[Start of section]

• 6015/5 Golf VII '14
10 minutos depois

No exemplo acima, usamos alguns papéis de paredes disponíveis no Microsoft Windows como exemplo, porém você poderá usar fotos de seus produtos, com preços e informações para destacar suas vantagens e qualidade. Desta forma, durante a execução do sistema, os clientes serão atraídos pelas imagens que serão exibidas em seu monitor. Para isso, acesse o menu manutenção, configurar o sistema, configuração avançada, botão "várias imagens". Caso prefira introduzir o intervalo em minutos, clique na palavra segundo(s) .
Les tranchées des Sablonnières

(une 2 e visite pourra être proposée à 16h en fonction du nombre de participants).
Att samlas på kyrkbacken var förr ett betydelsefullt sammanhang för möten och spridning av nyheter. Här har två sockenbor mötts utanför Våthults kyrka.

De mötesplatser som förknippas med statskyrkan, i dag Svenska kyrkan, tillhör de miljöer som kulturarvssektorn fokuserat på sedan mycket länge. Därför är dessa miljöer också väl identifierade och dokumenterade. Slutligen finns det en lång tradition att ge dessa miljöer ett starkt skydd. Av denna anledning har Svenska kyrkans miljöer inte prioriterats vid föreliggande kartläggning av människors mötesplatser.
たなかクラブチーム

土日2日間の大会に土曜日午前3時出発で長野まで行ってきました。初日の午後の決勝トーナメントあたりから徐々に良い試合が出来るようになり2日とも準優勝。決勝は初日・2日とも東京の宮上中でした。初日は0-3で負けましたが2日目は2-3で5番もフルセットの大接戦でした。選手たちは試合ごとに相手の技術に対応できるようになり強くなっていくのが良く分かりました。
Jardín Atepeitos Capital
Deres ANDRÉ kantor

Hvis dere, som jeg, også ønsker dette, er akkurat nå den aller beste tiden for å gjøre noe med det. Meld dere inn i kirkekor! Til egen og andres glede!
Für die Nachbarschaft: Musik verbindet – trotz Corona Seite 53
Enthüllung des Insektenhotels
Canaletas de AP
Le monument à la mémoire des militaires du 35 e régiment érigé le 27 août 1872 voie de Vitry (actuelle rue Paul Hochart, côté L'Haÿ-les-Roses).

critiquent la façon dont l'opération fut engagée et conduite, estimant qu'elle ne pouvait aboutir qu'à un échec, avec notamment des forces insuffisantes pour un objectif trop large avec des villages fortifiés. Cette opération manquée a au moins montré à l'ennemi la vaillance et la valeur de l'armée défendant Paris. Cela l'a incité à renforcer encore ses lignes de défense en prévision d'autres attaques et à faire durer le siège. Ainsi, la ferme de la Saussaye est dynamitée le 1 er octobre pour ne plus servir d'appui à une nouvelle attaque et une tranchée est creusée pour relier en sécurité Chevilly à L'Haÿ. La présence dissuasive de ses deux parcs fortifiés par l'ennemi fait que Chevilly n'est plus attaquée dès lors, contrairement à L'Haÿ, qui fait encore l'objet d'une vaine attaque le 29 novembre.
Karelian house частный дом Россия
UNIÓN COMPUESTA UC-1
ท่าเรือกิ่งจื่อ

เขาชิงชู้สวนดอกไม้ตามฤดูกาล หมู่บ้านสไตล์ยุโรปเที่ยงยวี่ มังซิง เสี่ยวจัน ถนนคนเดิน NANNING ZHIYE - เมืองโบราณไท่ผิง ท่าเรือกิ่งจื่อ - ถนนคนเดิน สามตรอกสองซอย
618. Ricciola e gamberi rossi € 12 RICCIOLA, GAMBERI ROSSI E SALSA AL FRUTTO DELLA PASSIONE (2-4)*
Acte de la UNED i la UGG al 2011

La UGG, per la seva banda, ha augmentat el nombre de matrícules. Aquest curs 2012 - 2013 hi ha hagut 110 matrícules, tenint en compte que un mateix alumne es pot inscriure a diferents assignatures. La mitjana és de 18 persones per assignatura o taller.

[End of section]
[Start of section]

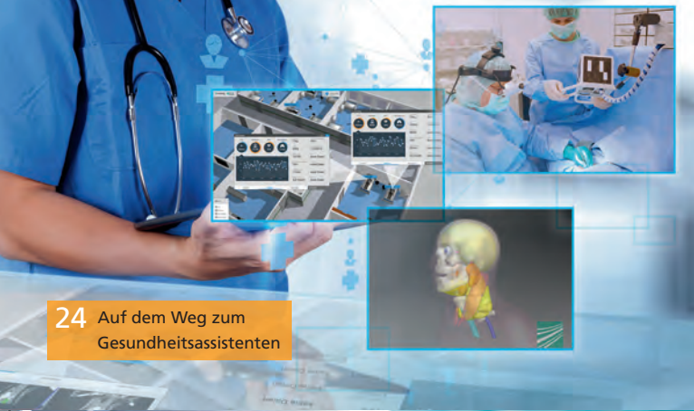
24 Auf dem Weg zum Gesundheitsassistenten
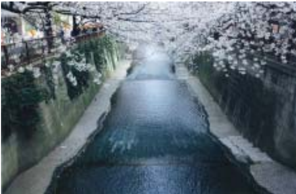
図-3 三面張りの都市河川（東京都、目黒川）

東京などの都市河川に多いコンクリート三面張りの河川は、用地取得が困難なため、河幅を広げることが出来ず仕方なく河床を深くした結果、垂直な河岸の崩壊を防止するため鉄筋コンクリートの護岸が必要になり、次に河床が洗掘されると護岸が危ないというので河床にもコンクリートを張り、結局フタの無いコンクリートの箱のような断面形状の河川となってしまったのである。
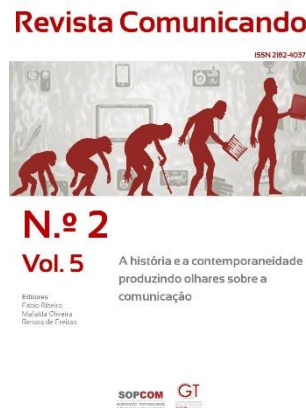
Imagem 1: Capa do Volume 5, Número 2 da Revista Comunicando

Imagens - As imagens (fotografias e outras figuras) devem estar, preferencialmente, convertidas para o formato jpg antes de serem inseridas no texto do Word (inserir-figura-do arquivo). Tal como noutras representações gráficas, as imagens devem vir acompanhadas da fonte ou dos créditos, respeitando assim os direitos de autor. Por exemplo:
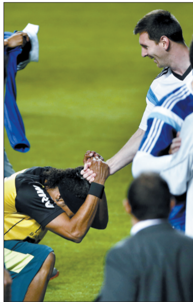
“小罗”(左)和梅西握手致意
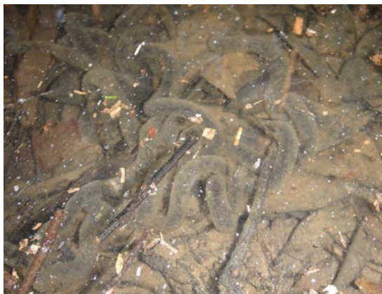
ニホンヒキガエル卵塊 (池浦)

[End of section]

- Work order -
From the listing above, repeat only the lines between the line containing "図-3 三面張りの都市河川（東京都、目黒川）" and the line containing "ニホンヒキガエル卵塊 (池浦)", those two included. Pictures are not part of the copy.

- Expected output -
図-3 三面張りの都市河川（東京都、目黒川）

東京などの都市河川に多いコンクリート三面張りの河川は、用地取得が困難なため、河幅を広げることが出来ず仕方なく河床を深くした結果、垂直な河岸の崩壊を防止するため鉄筋コンクリートの護岸が必要になり、次に河床が洗掘されると護岸が危ないというので河床にもコンクリートを張り、結局フタの無いコンクリートの箱のような断面形状の河川となってしまったのである。
Imagem 1: Capa do Volume 5, Número 2 da Revista Comunicando

Imagens - As imagens (fotografias e outras figuras) devem estar, preferencialmente, convertidas para o formato jpg antes de serem inseridas no texto do Word (inserir-figura-do arquivo). Tal como noutras representações gráficas, as imagens devem vir acompanhadas da fonte ou dos créditos, respeitando assim os direitos de autor. Por exemplo:
“小罗”(左)和梅西握手致意
ニホンヒキガエル卵塊 (池浦)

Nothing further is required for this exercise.